Institution H8
10 Impact of networked learning on access
This institution caters for a student population that
contains a large number of people from non traditional university
backgrounds. Issues around flexible access and widening participation
were therefore mentioned by a five of the six respondents.
Flexible
access
Networked learning was seen as potentially providing
flexibility in a range of ways: at times and places convenient to
the student,
and that this would be a particular benefit to part time students.
it
is giving access to people who can’t actually attend on
campus... (H8I1)
Again the other issue that came
up on that was to do with timing, to do with flexibility. Generally
when we run
an online tutorial
we perhaps post the tutorial
up on say a Friday evening and the students would have a week to contribute
to the online tutorial. We don’t say to the students, you
have to be sitting at your pc at 7 pm on a Friday evening and
we will have a one hour online conference … (H8I3)
[the
VLE] has definitely brought the university experience out to
the workplace and to home … There are a surprising amount
of students, and a surprising amount of staff, using [the VLE]

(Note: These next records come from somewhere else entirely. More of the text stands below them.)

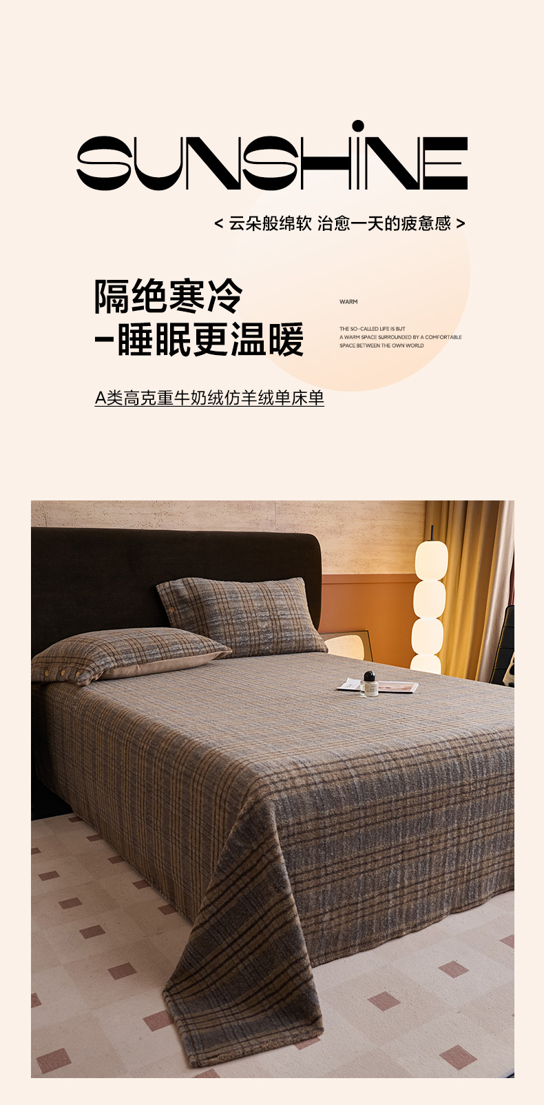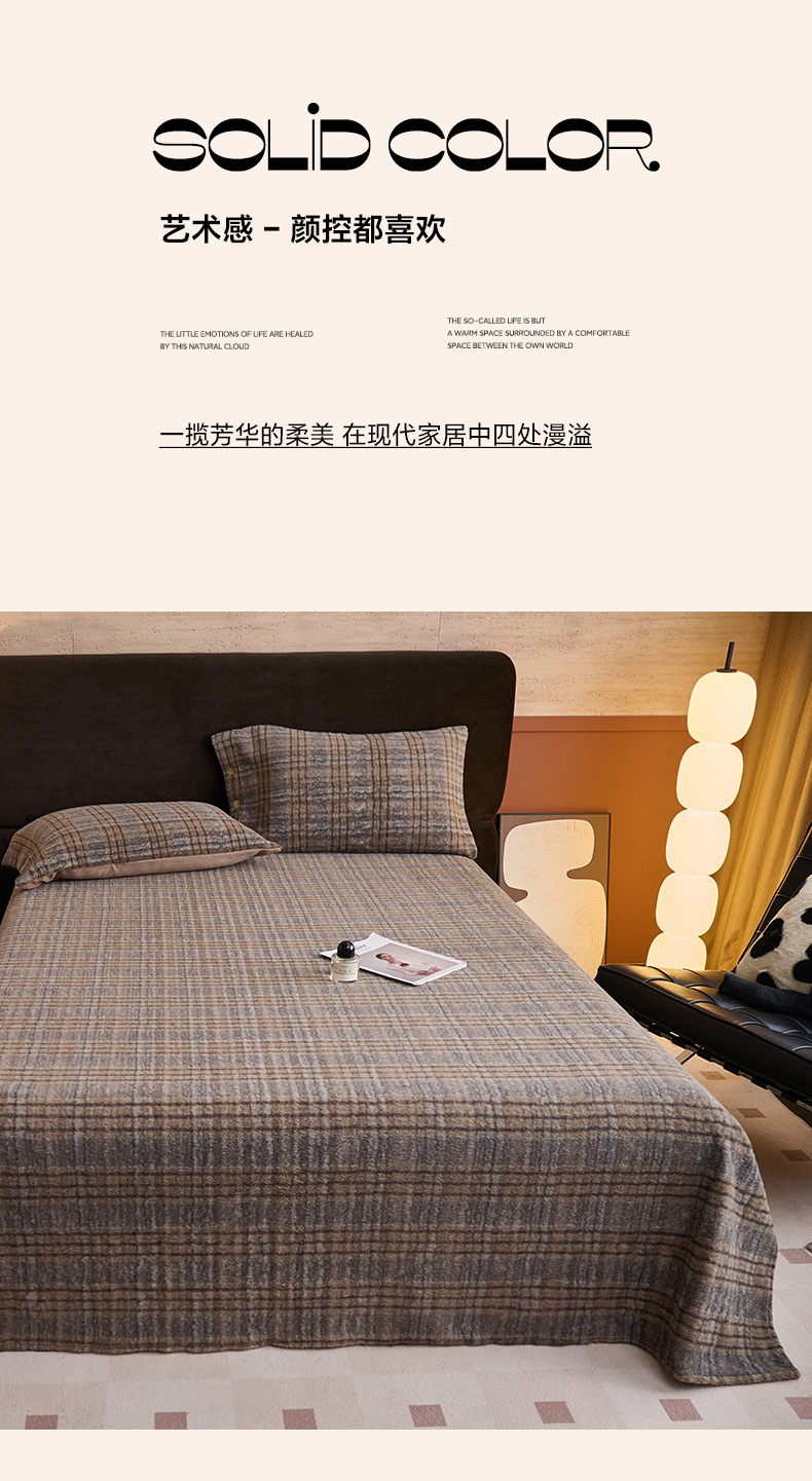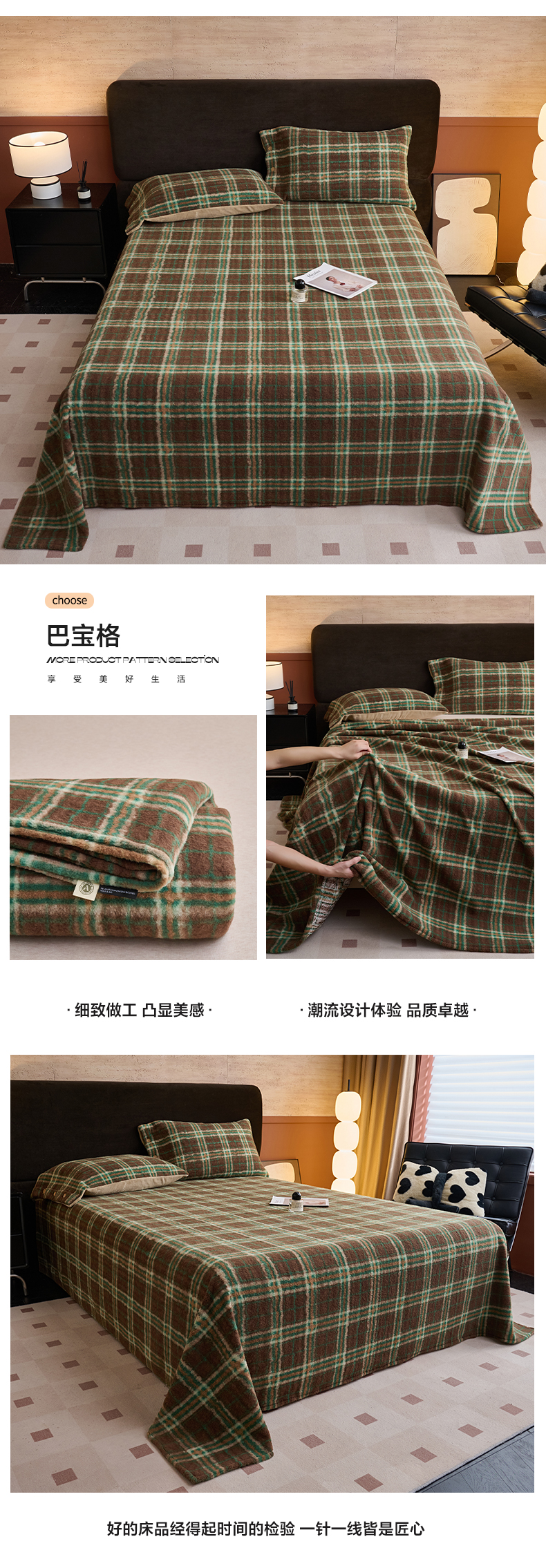 早晨家纺 2025新款230g羊驼绒复古格牛奶绒床单 牧羊格
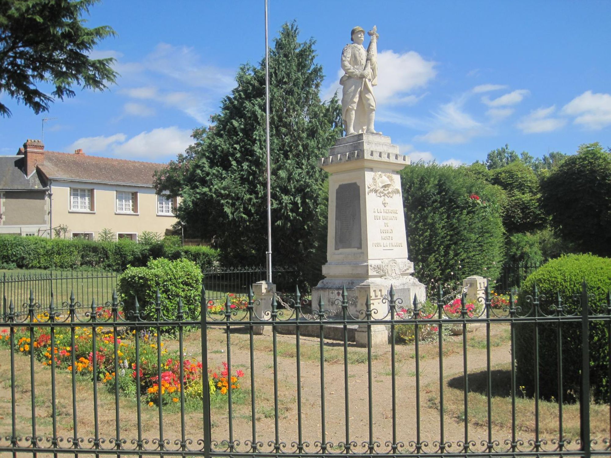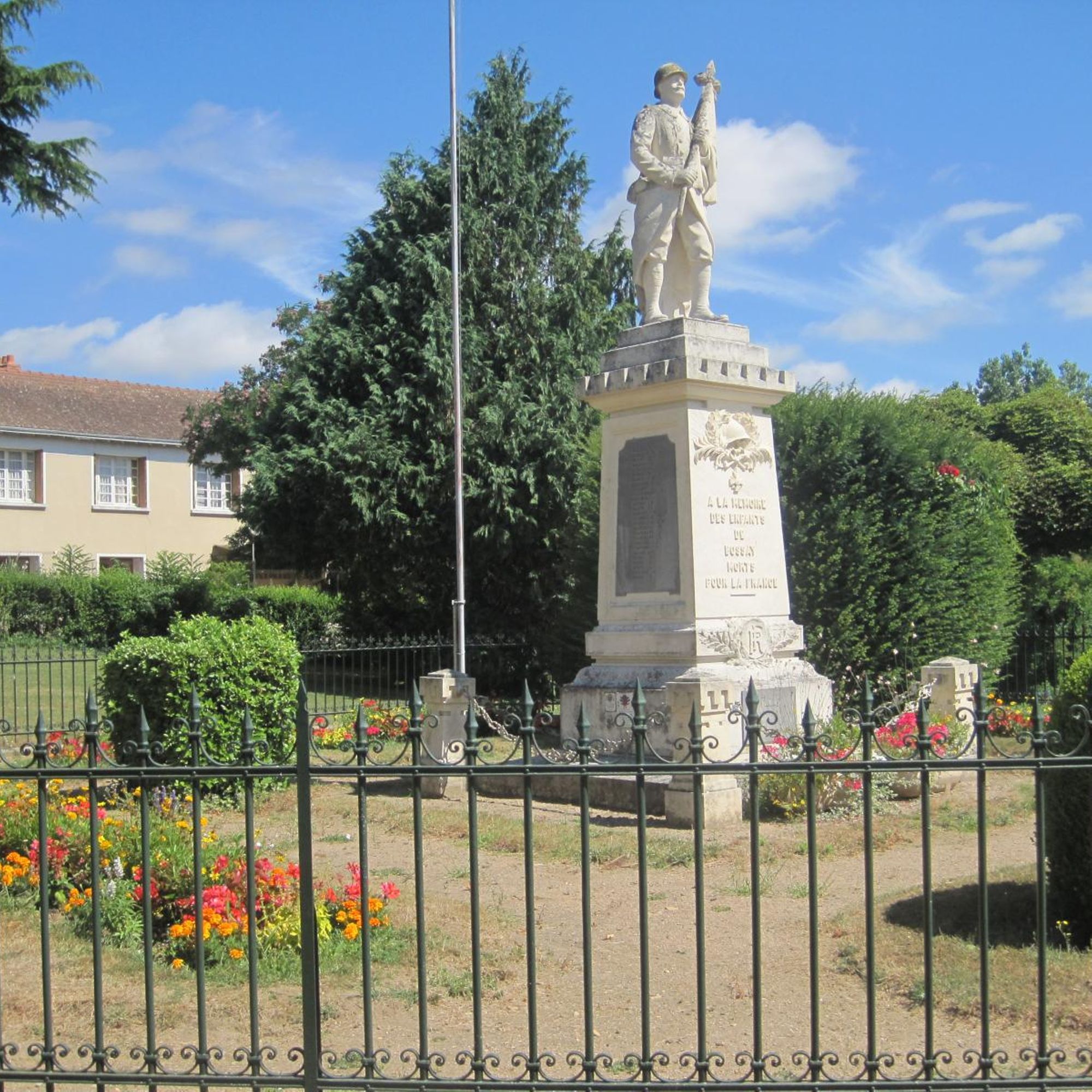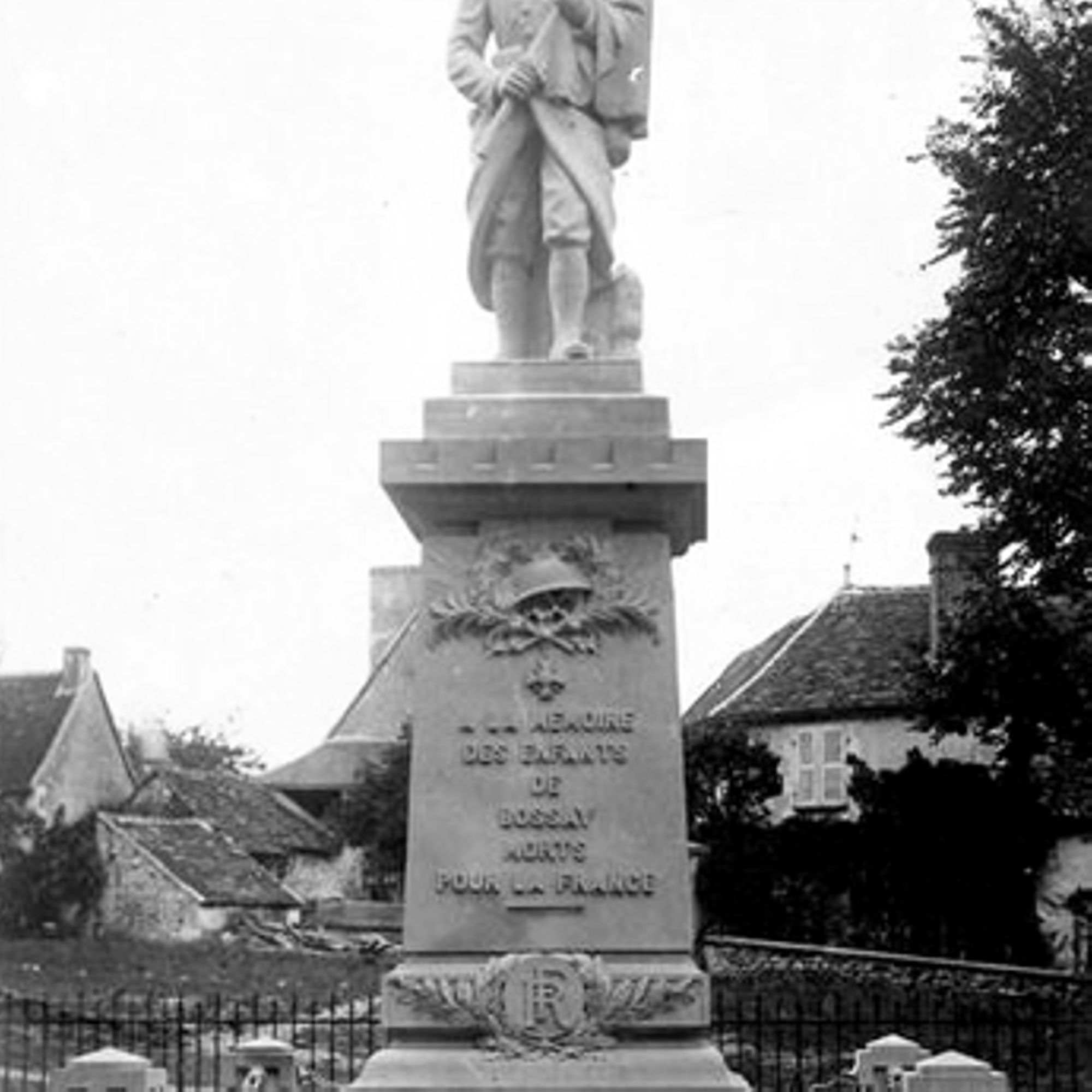 Il représente le « poilu » qui a combattu sur le front, serrant dans ses bras le drapeau, emblème sacré de la patrie. C’est le symbole des quatre-vingt huit jeunes Bosséens qui sont morts pour la France, image d’un deuil immense.
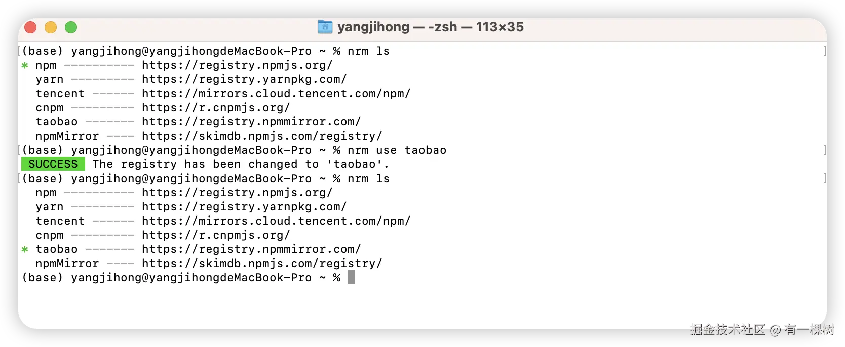 使用 nrm 进行镜像管理,有的时候一个镜像很慢,我们通过 nrm 可以快速的切换,你安装完 node 之后,直接使用 npm 命令全局安装即可。
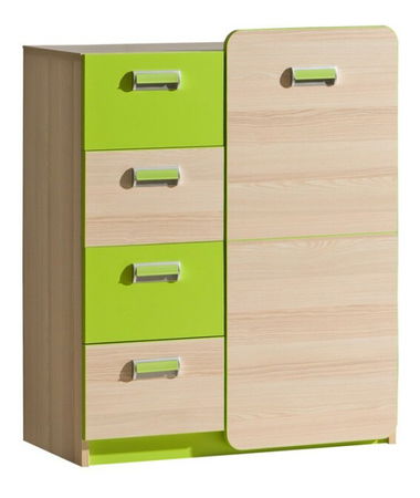 Sektorová sestava svým designem vhodná do dětských a studentských pokojů. Veselá kombinace světlé barvy dřeva jasan je kombinovaná fialovou nebo zelenou barvou a rozjasní každý prostor. V sektoru se nachází množství prvků, ze kterých si hravě poskládáte pokoj podle Vašich představ. Materiál použitý na výrobu je laminovaná DTD. Hrany jsou ukončeny ABS úpravou, která zvyšuje odolnost vůči mechanickému poškození, udržuje barevnou stálost a odolnost proti vlhkosti.
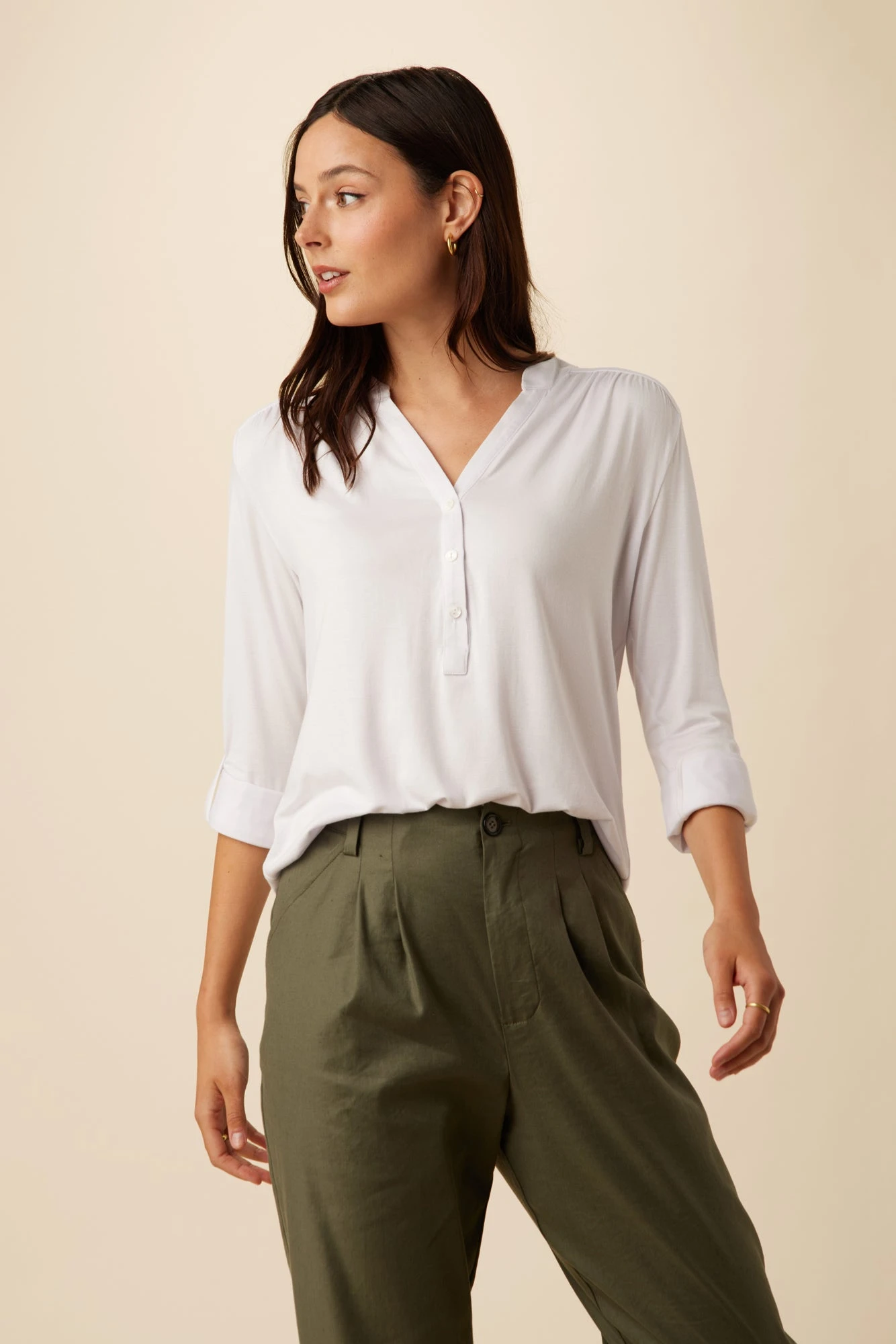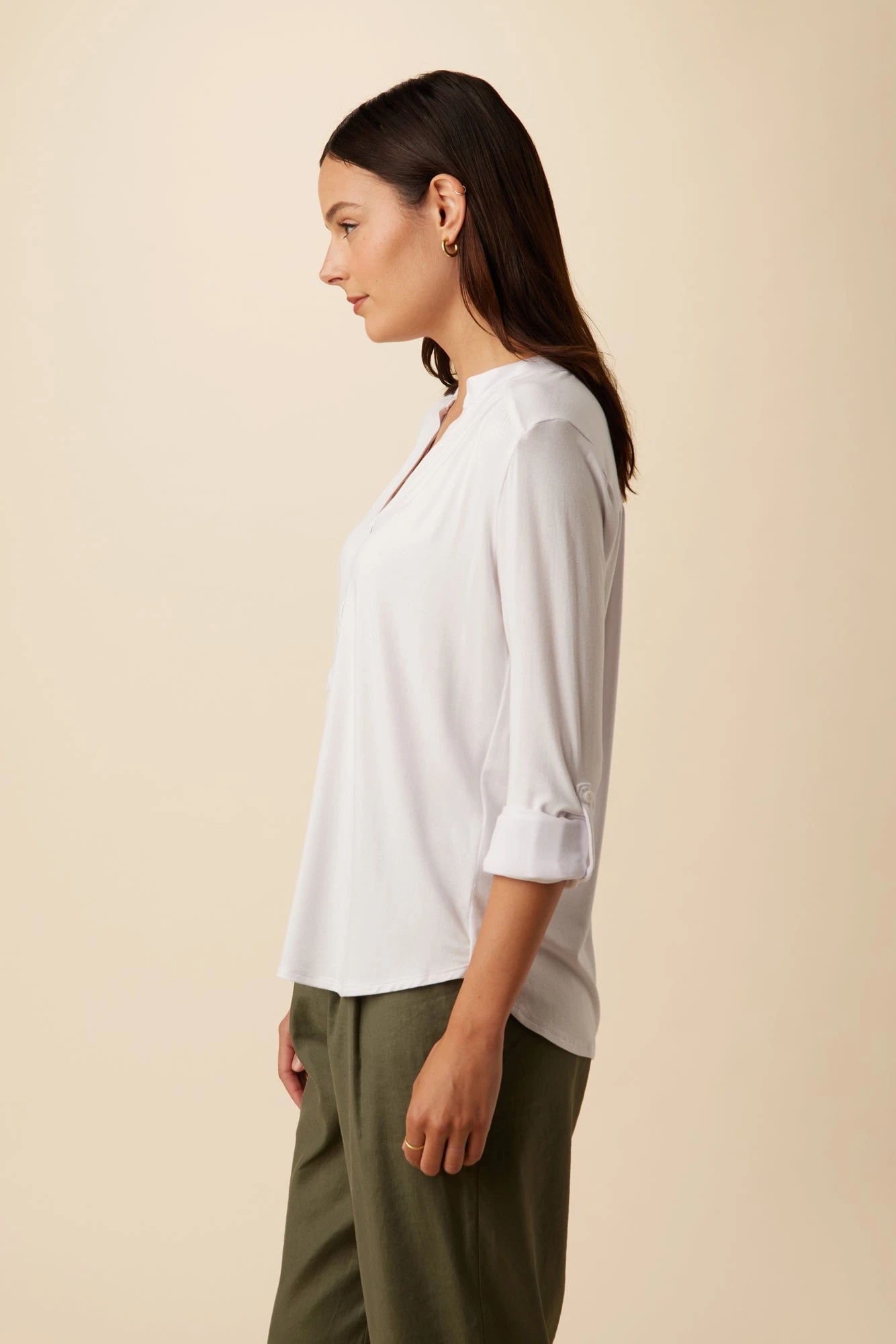 Long sleeve top featuring v-neckline, half placket and tab at sleeve to roll up and secure. Made from our signature Dream Knit, an unbelievably soft fabric made sustainably from beechwood fibers.
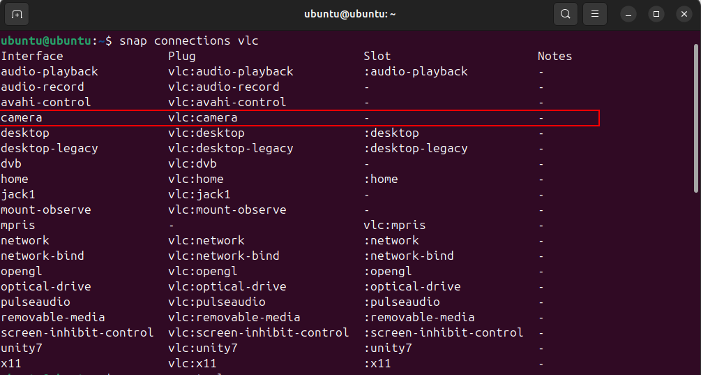 이 명령어는 Snap VLC가 시스템의 카메라 장치에 접근할 수 있도록 권한을 연결합니다.
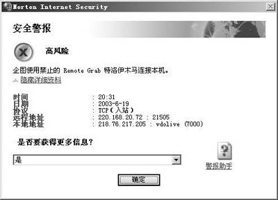 入侵检测是诺顿防火墙提供的另一个防护手段,它会对所有进出网络的信息进行扫描分析,查看它是否具有攻击特征,如果是就会立即禁止该连接,在系统托盘区的图标会不断闪烁发出警报,你可双击图标来查看安全警报。在弹出的“安全警报”对话框(图2)中会显示发起攻击的IP地址及攻击的方式。不过放心,诺顿防火墙已经自动禁止攻击者的IP与本机的连接,默认的禁止时间是30分钟。当然,你也可设置永久禁止某个IP地址或某个IP地址段与本机的连接,以免再次受到攻击。

in the late evening. …and the other thing
from what I am led to believe, it doesn’t appear to have reduced student
attendance at lectures, it doesn’t appear to have done that because
people still want face to face communication.. (H8I5)
...there is no question
that with part time students particularly, evening school students absolutely
love it because they get access to the resources,
they get
access to email, they get access to discussion board… Because when
you are coming in here two nights a week, for three hours, it’s very
intensive listening, it’s very intensive take up, you go away, you’ve
got a chance to reflect and … they’re not scribbling notes...
they don’t
have to worry about missing anything, because the notes will be on there
after the lecture. (H8I2)
This respondent also noted that it was not just
important for part time students:
But most of our students are full time
registered but part time attendees, in the sense that most of them
have to work. So they come for the lectures …,
[but with] the resources being on [the VLE], it’s a godsend to
them. (H8I2)
However, there was some evidence in relation to network
interoperability that flexible access, especially in relation to
students’ ability
to contact staff could be hampered by the way in which the current
networks operate.
Widening participation
Widening participation was commented
upon by two of the respondents with some differences in terms of
their views. One respondent felt
that the
widening participation agenda could be potentially be achieved
through the use of
networked
learning:
One of the things about the government’s target
about widening participation, most of the response to date has
been about getting more people onto conventional
degree courses, but if you really want to widen participation it
isn’t
about more 18 year olds, it’s about meeting people’s
learning needs throughout their careers, and it means much more
about professional development,
or people who didn’t come into higher education initially,
who are now in jobs …Now the real vision kind of thing is
how universities could work with employers and people in employment
in ways that we have never been able
to in the past … I think much more flexible routes to higher
education will become available to us... (H8I4)
The same respondent
also suggested that networked learning could allow the institution
to provide more flexible programmes that
would help
the widening
participation
agenda:
One of the things about widening participation is that
people come in with a much wider range of previous education experience
and
qualifications, both in
terms of people who haven’t been in education for some
time coming back into education, different range of qualifications,
different levels of achievement.
And I think one of the things we’ll perhaps want to look
at is how we can use a blended learning and network learning
to be much more flexible about meeting
individual learning needs... (H8I4)
The other respondent did not
necessarily feel that the use of the VLE alone provided a means
of widening participation, but
that
structural changes
were also needed:
Our numbers from areas that are deprived areas,
students from deprived areas have increased over the last ten years … I
don’t think (the VLE has
had an impact) so. I think it is more with us being more flexible.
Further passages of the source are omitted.